The IPIP-NEO inventory has been administered to more than
200,000 people all over the world by Professor John A. Johnson,
and is becoming one of the most popular Five-Factor personality
inventories.
Dr. Lewis R. Goldberg, a senior scientist
at Oregon Research Institute and Professor Emeritus at the
University of Oregon, serves on the editorial board of the
Journal of Personality and Social Psychology, Personality
& Individual Differences, the European Journal of Personality,
and the Journal of Personality Assessment. He has more than
100 publications in the field of personality psychology.

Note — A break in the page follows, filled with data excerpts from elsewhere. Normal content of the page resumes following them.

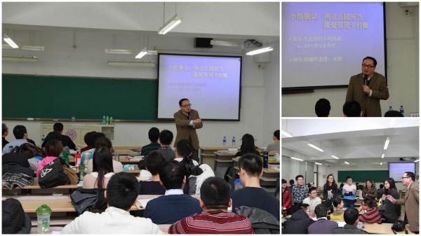 12月8日上午,作为两校本次交流活动重头戏的学术讲座在清华大学王名教授的授课声中拉开序幕,王名教授围绕着前不久十八届三中全会公报的内容具体阐述政府与社会的关系,描绘了三中全会深化改革总构图,从全面深化改革和全面推进治理创新两方面论述如何深化改革新体制。他提出了“社会新政”三大战略,即社会组织体制改革、社会服务体制改革、社会治理体制改革,同时提出“社会新政是一把解读社会建设新战略的钥匙”的独到见解,并从体制改革、制度创新、组织培育和自上而下四个方面进行解读。讲座结束后,在场MPA师生报以热烈掌声,纷纷表示收获颇丰。
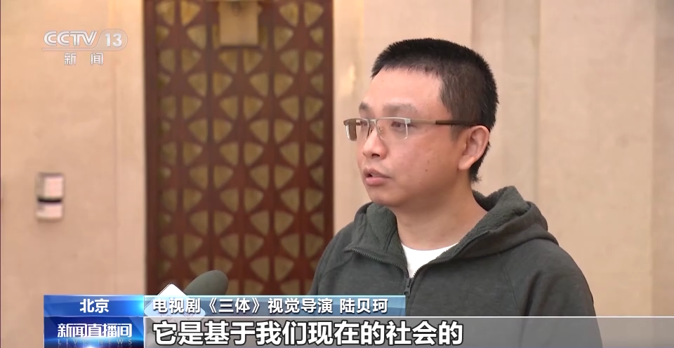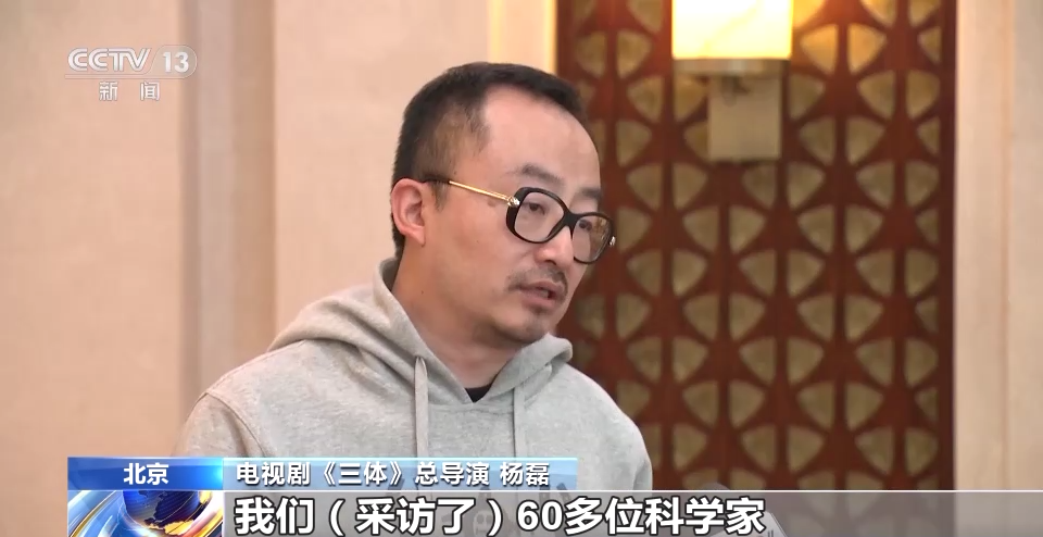 电视剧《三体》总导演 杨磊:《三体》这本书它所谓硬壳科幻就是基于科技本身,科技的幻想。所以我们也做了大量的采访,我们采访了60多个科学家,到中科院,包括到国家纳米科学中心,根据采访这些内容,我们如何把它呈现。
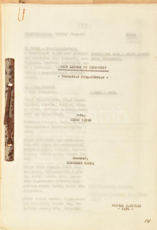 1970 "Szép leányok ne sírjatok!" technikai forgatókönyv, írta: Zimre Péter, rendező: Mészáros Márta
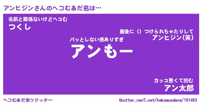 | ポケモン風あだ名 | 『アンチュウ』『アンヒダネ』 |
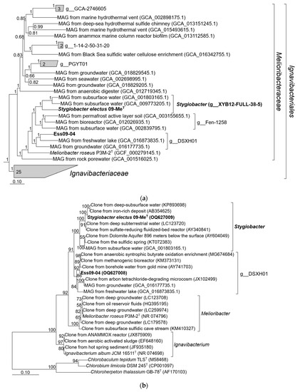 - Podosokorskaya, O.A.; Kadnikov, V.V.; Gavrilov, S.N.; Mardanov, A.V.; Merkel, A.Y.; Karnachuk, O.V.; Ravin, N.V.; Bonch-Osmolovskaya, E.A.; Kublanov, I.V. Characterization of Melioribacter roseus gen. nov., sp. nov., a novel facultatively anaerobic thermophilic cellulolytic bacterium from the class Ignavibacteria, and a proposal of a novel bacterial phylum Ignavibacteriae. Environ. Microbiol. 2013, 15, 1759–1771. [Google Scholar] [CrossRef] [PubMed]
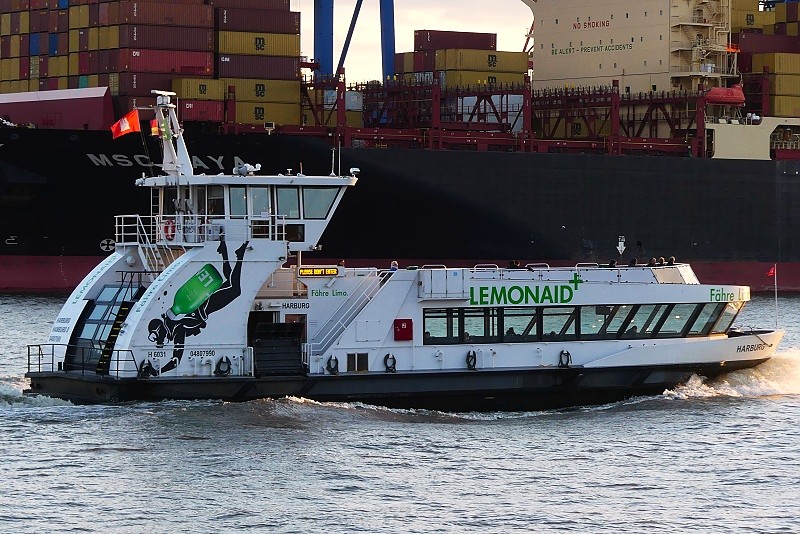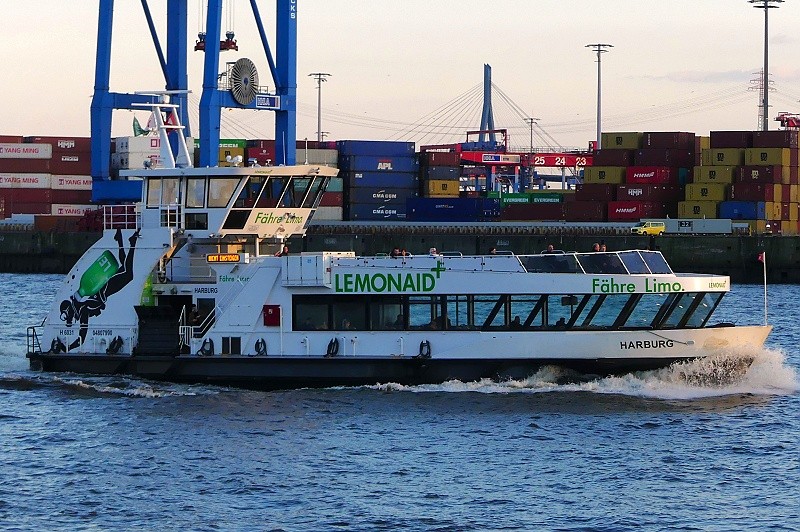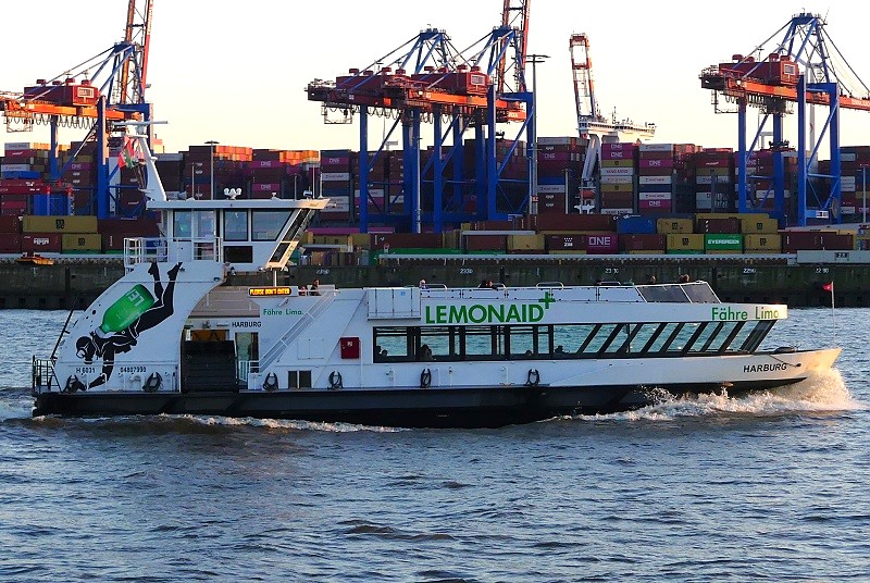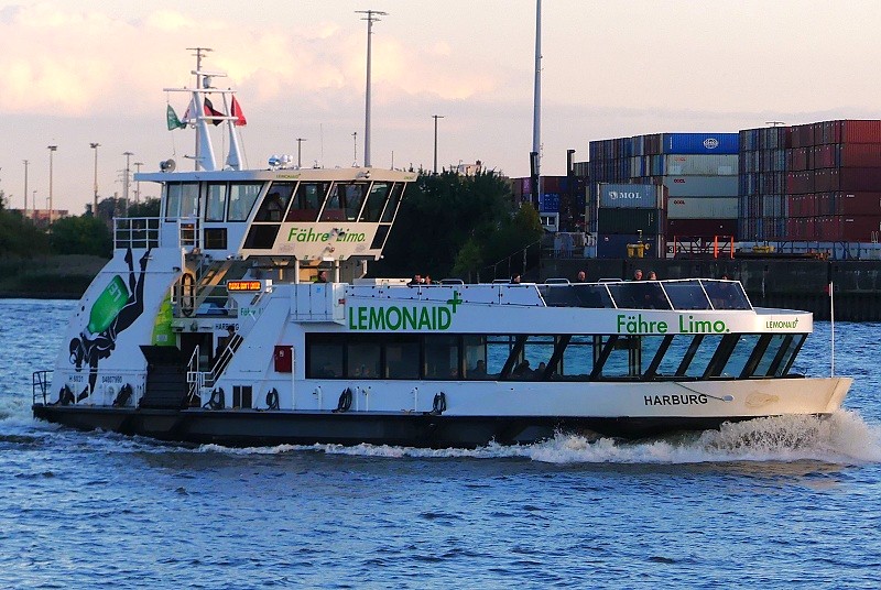 der HADAG Seetouristik und Fährdienst Aktiengesellschaft am 30.09.2025 auf Linie 66 nach Finkenwerder in Höhe Terminal Burchardkai:
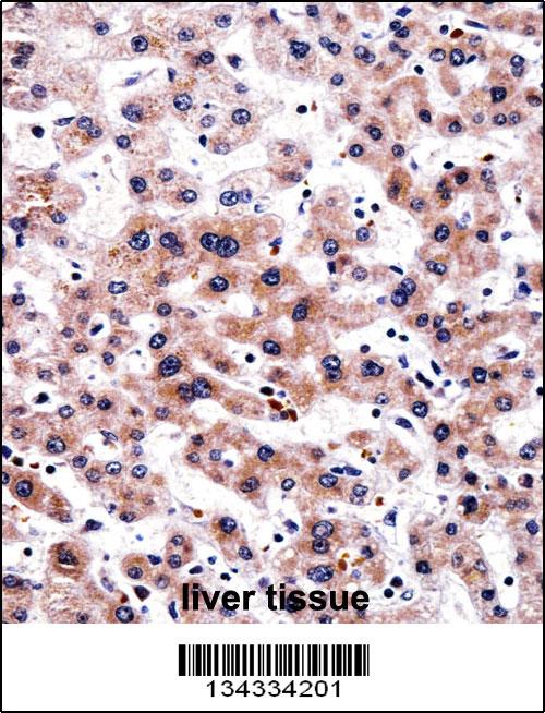 RCAN3 Antibody (C-term) (APR13083G)immunohistochemistry analysis in formalin fixed and paraffin embedded human liver tissue followed by peroxidase conjugation of the secondary antibody and DAB staining.This data demonstrates the use of RCAN3 Antibody (C-term) for immunohistochemistry. Clinical relevance has not been evaluated. |
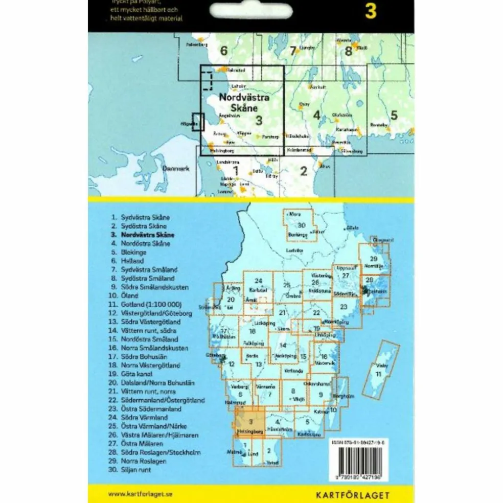 Kartorna är tryckta på Polyart som är helt vattentåligt och rivstarkt, vilket gör dem lämpliga att ta med på turen. Teckenförklaring på svenska, engelsk och tyska.

Dr. John A. Johnson is professor at the
Pennsylvania State University; his main research field is
personality tests during personnel selection. He received
award from University of Bielefeld, received the Provost's
Collaborative and Curricular Innovations Special Recognition
Program Award, received first place of STAR Project Award
and received Alumni/Student Award for Excellence in Teaching.
Besides numerous publications in journals, he also published
a book: Hogan, R., Johnson, J. A., & Briggs, S. R. (1997).
Handbook of personality psychology. San Diego: Academic
Press.
Chinese Localization: a significant development
work and achievement!
When applying the IPIP, the HRO
team has done much more than careful translation. The task
was not only adopting it for Chinese conditions, but also
extracting a construct most suitable for HR professionals.
The localization work included:
- Selecting and expanding relevant traits.
The final FiT In™ construct includes 26 traits that
are all closely related to predicting work performance,
and the correlation is supported by both common sense
and sufficient research.
- Terminology. Some IPIP scale name
sound strange for non-psychologists (for example Neuroticism).
HRO modified those names, made them easier to be understood
by HR professionals.
- Item work. The HRO team not only translated inventory
items, but also rewrote many of them to better suit corporate
use, to better suit Chinese culture and to address the issue
of social desirability.
- Reports. HRO developed various reports and graphical charts
to help the non-psychologists in interpreting the results.